While countries such as Portugal and the Netherlands have long since decriminalized drug use, the debate has only more recently come to the Americas. In recent years, nearly half of U.S. states have passed laws legalizing marijuana use in some form, predominantly for medical use. And Mexico, Uruguay, Argentina, Ecuador, Colombia, Brazil, Guatemala and Honduras have debated liberalizing drug laws or decriminalizing drug use.
When the Mexican Supreme Court ruled in November in favor of four petitioners seeking an injunction to grow and consume marijuana for recreational reasons, Catholic leaders condemned the decision as putting Mexico on the path to legalization. An editorial in the Archdiocese of Mexico’s weekly magazine said it would move the country “toward individual destruction.”
Pope Francis has taken a hardline approach against any forms of drug legalization, including recreational drugs.

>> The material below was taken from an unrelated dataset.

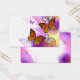 Orange, detailed monarch butterflies on light, purple, picturesque, painted background.

“Drug addiction is an evil, and with evil there can be no yielding or compromise,” he said at the International Drug Enforcement Conference in Rome in 2014.
In the pope’s home country, Argentina, Father Jose Maria di Paola, who works with drug addicts in the shanties of Buenos Aires, said drug legalization would do further harm to the poor.
“Why is this our position on legalization? Because we live in marginal and poor environments impacted by drugs. In these places, it’s synonymous with death. It has nothing to do with recreation,” he said in a 2015 interview. “It has nothing to do with morality. It has to do with an analysis of the reality.”